C’est une initiative sans précédent : plus de 16 000 scientifiques de 184 pays ont signé un appel paru ce lundi dans la revue Bioscience contre la dégradation catastrophique de l’environnement. Deux rapports parus cette semaine viennent conforter leur inquiétant constat.

« Mise en garde des scientifiques à l’humanité : deuxième avertissement. » C’est le titre de cet appel, paru 25 ans tout pile après le premier du genre lancé en 1992 après le Sommet de la Terre à Rio, et signé alors par 1700 chercheurs et plusieurs centaines de Prix Nobel.

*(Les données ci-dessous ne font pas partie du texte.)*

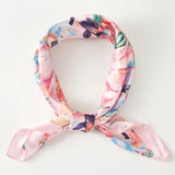 Vibrant Floral Square Silky Satin Bandana Scarf, Peach
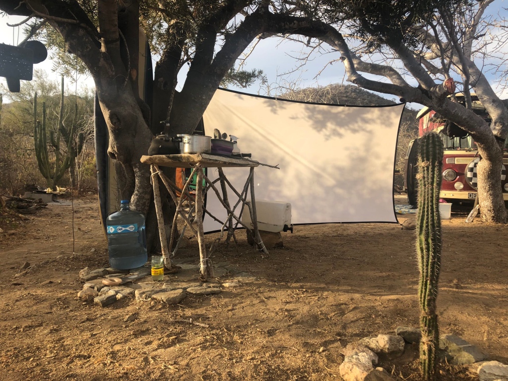 We had added a few rustic bits and bobs to our campsite, including a surfboard tale and setting up the projector screen.
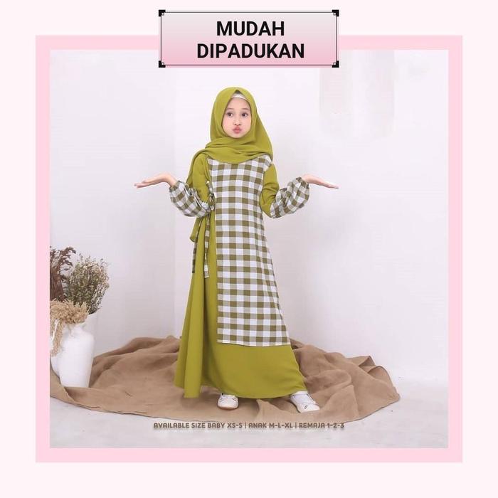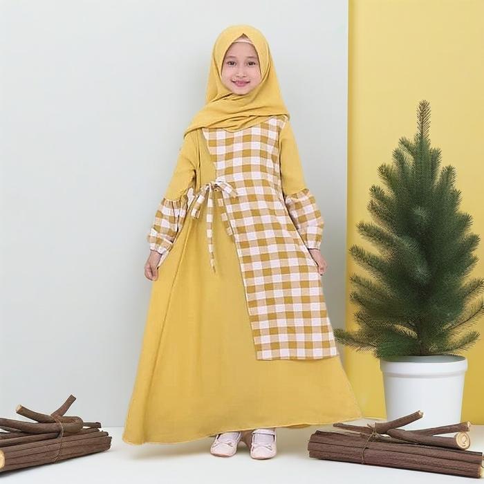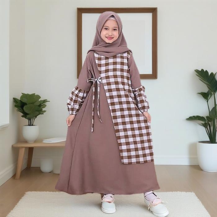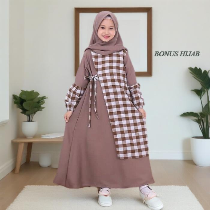 GAMIS ANAK FREE HIJAB USIA 4 5 6 7 8 9 10 11 12 13 14 15 THN SYARI MUSLIM DRESS LEBARAN BAJU WANITA REMAJA SETRIP CRINKLE AIRFLOW D3W4SA - COKLAT, M
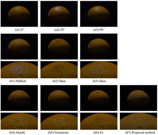 For the 3rd scene (oranges), its surface is a biological greasy epidermis with single surface color and simple texture, and the specular highlight area is large and dispersed in the target image. The highlight removal results are shown in Figure 10. Since the color space conversion cannot be effectively performed in the specular highlight area, it can be seen that in Mallick’s results, the highlight cannot be accurately separated and meanwhile data voids exist. The result of Shen [] contains a large area of data voids. Furthermore, the same problems also exist in the results of Shen [], Akashi [], Yamamoto [] and Fu []: blurred and distorted edges, and data loss. We can see that in the results of the first six methods, most of the information in the highlighted area is lost, and a black circle appears in each removal result, which will certainly affect the subsequent quality inspection results. In comparison, our proposed method has the best visual effect as shown in Figure 10(b7). Similarly, the combination of multidimensional information input and compensation of missing details guarantees that our method has better visual performance. It can be seen that the specular highlight is removed thoroughly, and meanwhile the original color, texture and other detailed information of the target surface is retained efficiently.
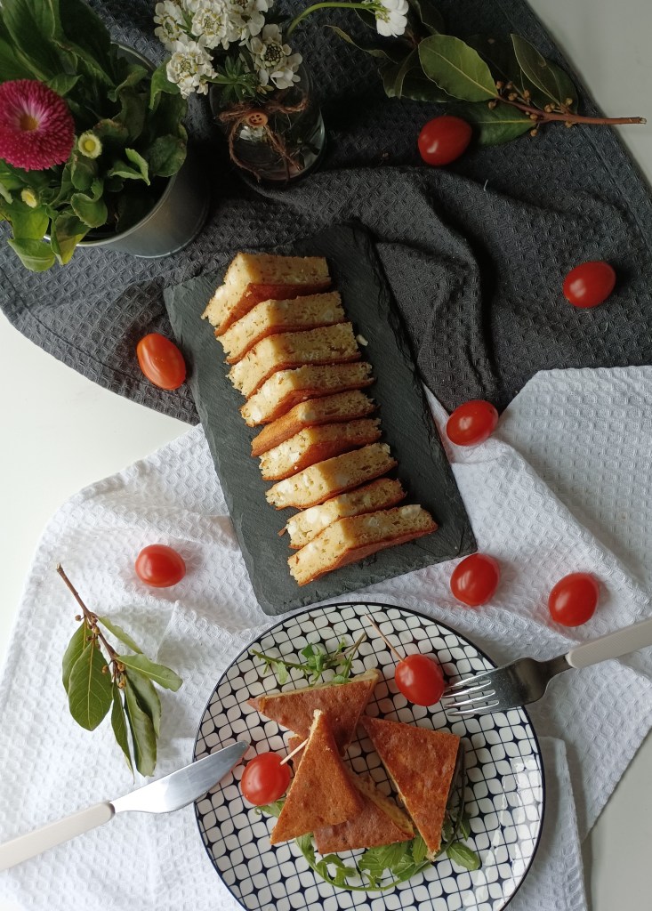 Izmiksati jaja i otopljeni maslac, dodati grčki jogurt, brašno i prašak za pecivo te mlijeko (može i više od zadane količine ako je smjesa gusta). Na kraju dodati izmrvljeni feta sir, ali ne jako sitno. Staviti u pleh srednje veličine prekriven papirom za pečenje i lagano zamašćen. Peći na 180 stupnjeva oko 40 minuta. Izrezati na trokute.
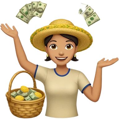 baskets, some overflowing with money, others with colombian arepas in the background a very happy person ridiculously throwing money around emoji
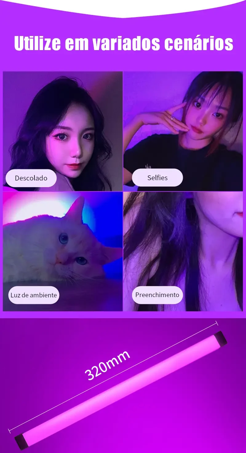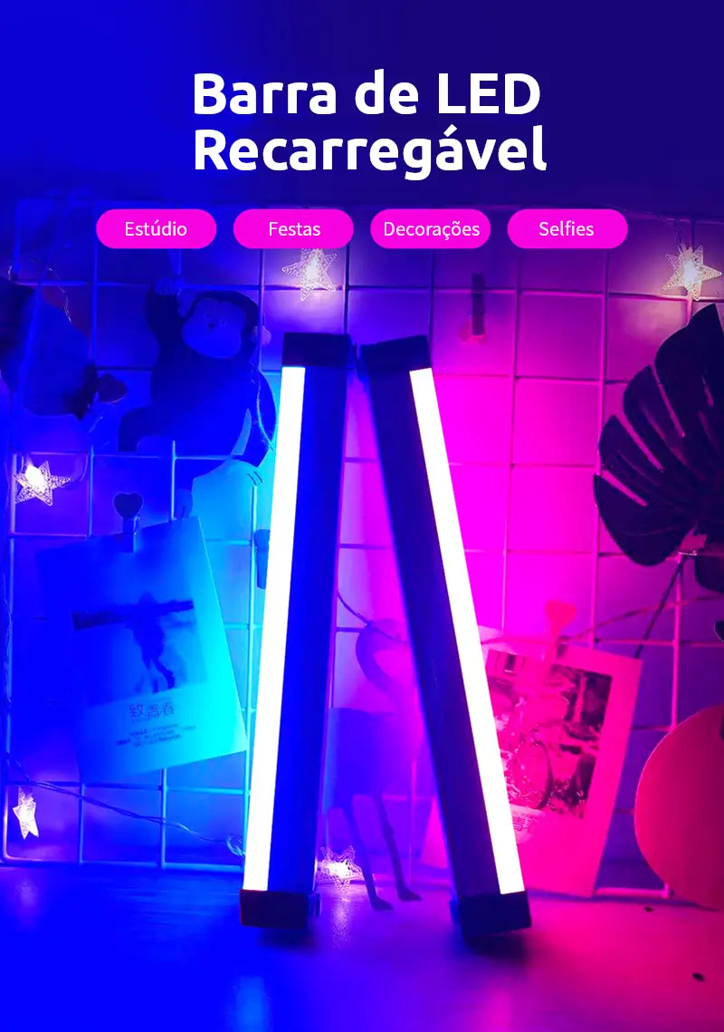 Atenção TikTokers, Instagramers e amantes de luzes! Estamos emocionados em apresentar a vocês esta nova Barra de LED Recarregável de 32CM de qualidade superior.
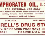 - Vintage Pharmacy Label CAMPHORATED OIL Farrell's Drug Prairie Du Chiem Wisconsin
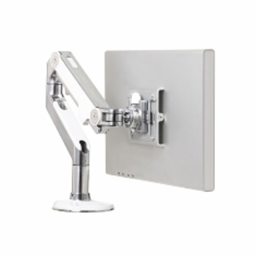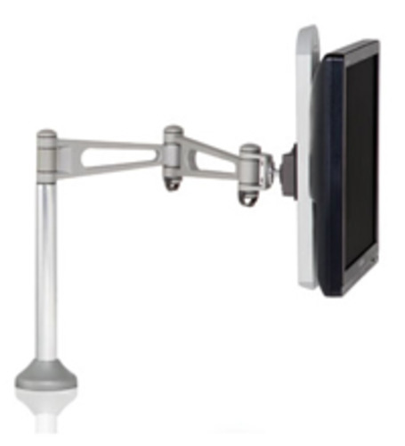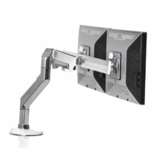 A range of polished aluminium with white trim adjustable monitor arms for use with flat panel computer monitors. The monitor arms are attached via clamp on the desk and are height and depth adjustable. Cables are hidden within the central post. A removable stop protects walls by preventing the monitor swinging too far. The dual LCD monitor has an internal counter balanced support crossbar that can support two monitors in the same horizontal plane.

Ces 16 000 scientifiques formulent treize recommandations et enjoignent les décideurs politiques réunis en Suisse pour la COP23 à  «freiner la destruction de l’environnement. Pour éviter une misère généralisée et une perte catastrophique de biodiversité, l’humanité doit adopter une alternative plus durable écologiquement que la pratique qui est la sienne aujourd’hui.»

C’est l’écologue américain William B. Ripple qui, avec  sept autres auteurs principaux, a entrepris de faire le point sur toutes les tendances inquiétantes discernables en 1992, pour constater leur aggravation dramatique, (à l’exception de l’état de la couche d’ozone stratosphérique, en voie de guérison). C’est  Franck Courchamp, Directeur de Recherche au CNRS, à l’Institut National d’Ecologie et Environnement qui a diffusé l’appel en Europe.